RECORD SET
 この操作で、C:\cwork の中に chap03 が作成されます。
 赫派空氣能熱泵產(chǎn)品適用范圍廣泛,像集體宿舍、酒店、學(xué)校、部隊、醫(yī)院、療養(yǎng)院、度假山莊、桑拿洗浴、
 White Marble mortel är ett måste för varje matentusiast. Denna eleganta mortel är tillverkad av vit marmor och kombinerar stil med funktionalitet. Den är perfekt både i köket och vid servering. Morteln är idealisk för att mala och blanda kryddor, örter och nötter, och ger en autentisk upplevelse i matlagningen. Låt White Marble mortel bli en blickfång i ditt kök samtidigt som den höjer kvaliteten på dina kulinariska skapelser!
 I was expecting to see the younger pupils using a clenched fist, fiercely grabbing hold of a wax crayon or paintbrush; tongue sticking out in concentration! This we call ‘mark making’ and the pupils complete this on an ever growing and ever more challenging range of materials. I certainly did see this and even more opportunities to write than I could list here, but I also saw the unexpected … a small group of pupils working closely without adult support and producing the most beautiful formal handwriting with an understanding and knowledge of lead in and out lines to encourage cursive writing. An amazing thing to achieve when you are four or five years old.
* * *
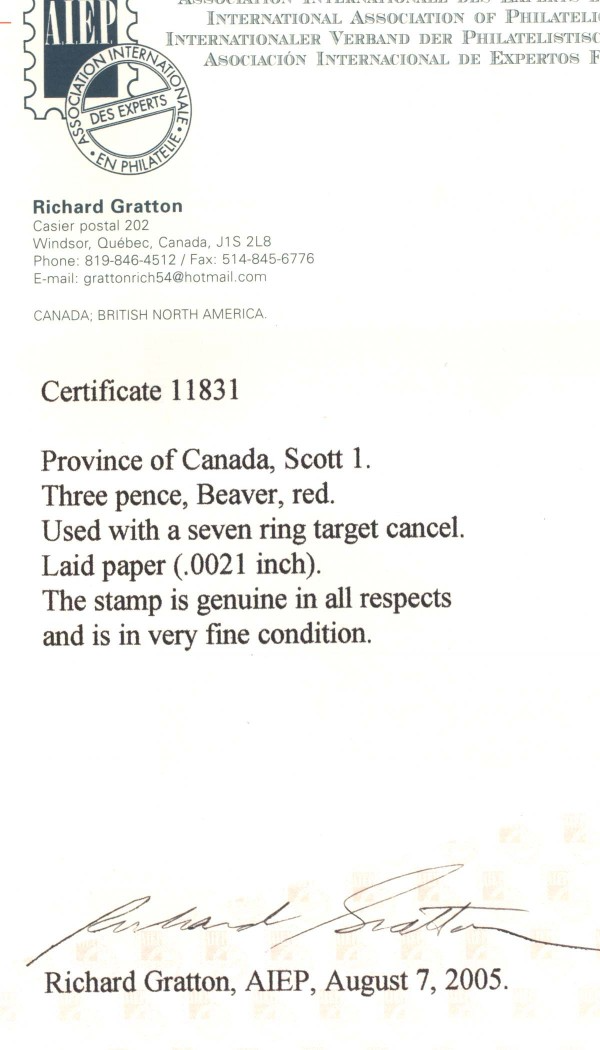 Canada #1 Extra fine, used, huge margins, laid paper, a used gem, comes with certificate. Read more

WHAT TO DO
From the records above, repeat exactly the lines from the one with "赫派空氣能熱泵產(chǎn)" through the one with "White Marble mortel är", both included.

OUTPUT
 赫派空氣能熱泵產(chǎn)品適用范圍廣泛,像集體宿舍、酒店、學(xué)校、部隊、醫(yī)院、療養(yǎng)院、度假山莊、桑拿洗浴、
 White Marble mortel är ett måste för varje matentusiast. Denna eleganta mortel är tillverkad av vit marmor och kombinerar stil med funktionalitet. Den är perfekt både i köket och vid servering. Morteln är idealisk för att mala och blanda kryddor, örter och nötter, och ger en autentisk upplevelse i matlagningen. Låt White Marble mortel bli en blickfång i ditt kök samtidigt som den höjer kvaliteten på dina kulinariska skapelser!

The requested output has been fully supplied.